Start with PreToolUse. It is usually the highest-impact hook because tool calls are where agents break things. Add one invariant this week. Write a test for it. Watch the drift disappear.

The agents will not get more polite. They will get more reliable. That is what production requires.

FAQ

Can I use lifecycle hooks with existing agent frameworks?

Most frameworks wrap the LLM API but do not expose interception points. You need runtime access to the conversation lifecycle, which is why we built our orchestration layer around Claude Code's hook contract. If the framework only gives you a system-prompt slot and a tool list, you cannot enforce invariants deterministically.

How much latency do hooks add per turn?

Microseconds, not milliseconds.
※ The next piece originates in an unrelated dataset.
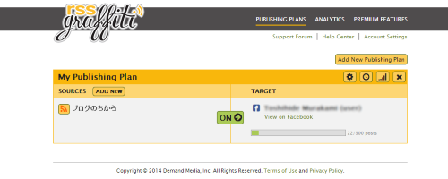 2. Facebookの個人アカウントは、「RSS Graffiti」を使って連携。

Hooks are local TypeScript that runs in the same process as the runner. They are not LLM calls. PreCompact actually reduces latency overall because it prevents expensive re-summarization loops where the model loses critical state and has to rebuild context.

What still belongs in the system prompt?

Voice, tone, reasoning style, and task framing. Invariants — rules that must never break under context pressure — belong in hooks. A reasonable test: if you can write a unit test for the behavior, it belongs in a hook. If you would describe it as 'be more concise,' it belongs in the prompt.

Do hooks work with non-Claude models?

The pattern is universal. The specific six events in our runtime are shaped by Claude Code's lifecycle, but any agent runtime can intercept session start, per-turn input, pre/post tool execution, context compression, and session end. The transferable insight is that deterministic enforcement beats probabilistic requests.

How do you debug hook logic?

Hooks are just code. You write unit tests, you step through with a debugger, you log deterministically. That is the whole point — moving behavior out of prompt-alchemy and into software engineering with reproducible failures and stack traces.

What is the difference between a hook and middleware?

Middleware wraps external API calls — auth, retries, rate limiting. Hooks intercept the agent's internal lifecycle events — session boot, per-turn input, tool execution, context compression, session end — where middleware cannot reach. Middleware lives between your agent and the outside world. Hooks live between the LLM and its own runtime.